Alternatively sklearn exposes the eigenvalues corresponding to each of the eigenvectors, which correspond to the amount of variance in the original data set that is captured in the new basis dimension.
pca_model.explained_variance_
array([2.93808505, 0.9201649 , 0.14774182])
In fact, this is probably the best way to assess how many components we should target in the transformed space.
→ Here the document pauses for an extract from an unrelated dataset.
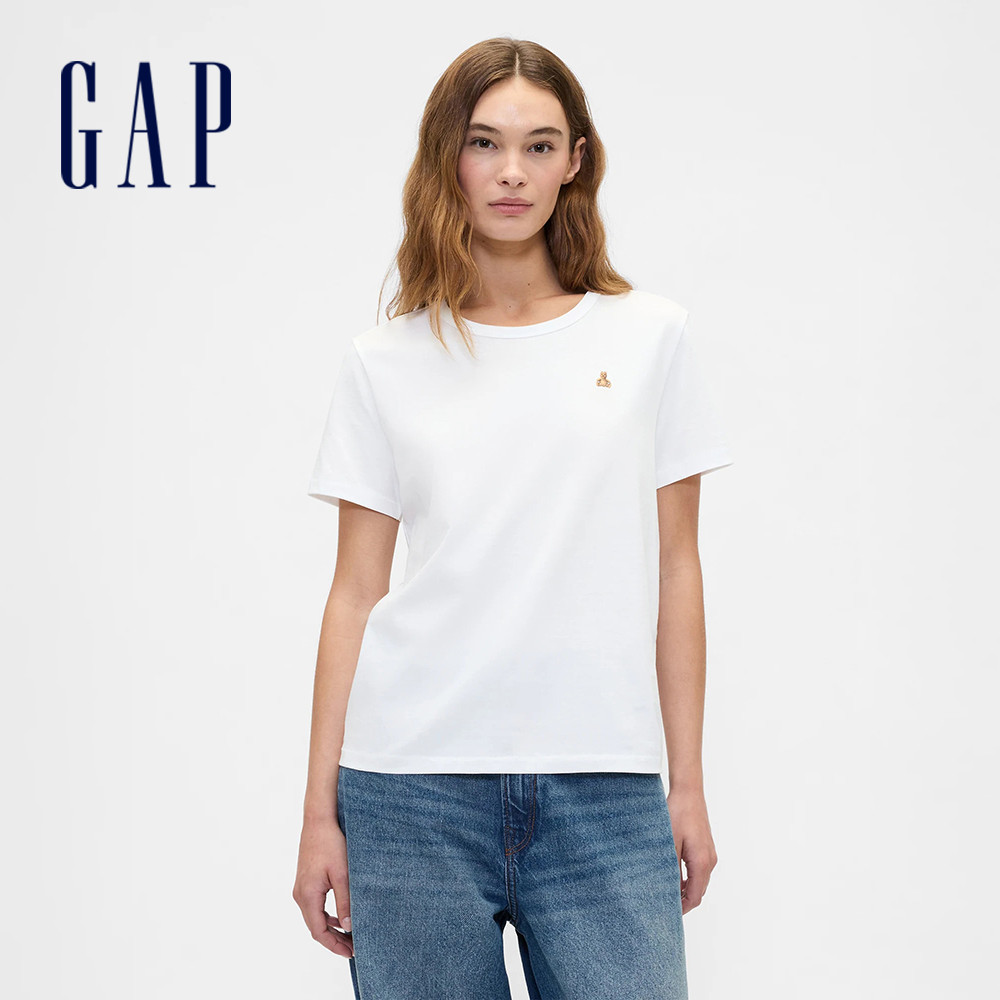 Gap 女裝 純棉小熊刺繡圓領短袖T恤-白色(821817)XS|S|M|L|XL|XXST-shirtsGap官方旗艦店

Let's look at the explained variance when we project into all 4 dimensions:
decomposition.PCA(n_components=4).fit(X_normed).explained_variance_
array([2.93808505, 0.9201649 , 0.14774182, 0.02085386])
We can probably achieve a good split over our iris classes just sticking to the first two dimensions after PCA.
X2 = decomposition.PCA(n_components=2).fit_transform(X_normed)
fig, axes = plt.subplots(1, figsize=(15, 5))
axes.scatter(
X2[:, 0],
X2[:, 1],
c=y,
)
<matplotlib.collections.PathCollection at 0x1351eb6e0>
And let's try with 3:
X2 = decomposition.PCA(n_components=3).fit_transform(X_normed)
fig = plt.figure(figsize=(5, 5))
ax = fig.add_subplot(projection='3d')
ax.scatter(
X2[:, 0],
X2[:, 1],
X2[:, 2],
c=y,
)
<mpl_toolkits.mplot3d.art3d.Path3DCollection at 0x137a5ec00>
Revising some assumptions¶
Let's take a look at why it makes sense to maximize the variance along each transformed dimension.
Summary¶
To summarize what was presented here:
dimensionality reduction is a process through which we transform a data set into an approximately equivalent data set with a smaller number of features
PCA or principal component analysis is one method of dimensionality reduction
Hopefully this has given you some intuition for how dimensionality reduction is useful, and for the math behind how PCA achieves it.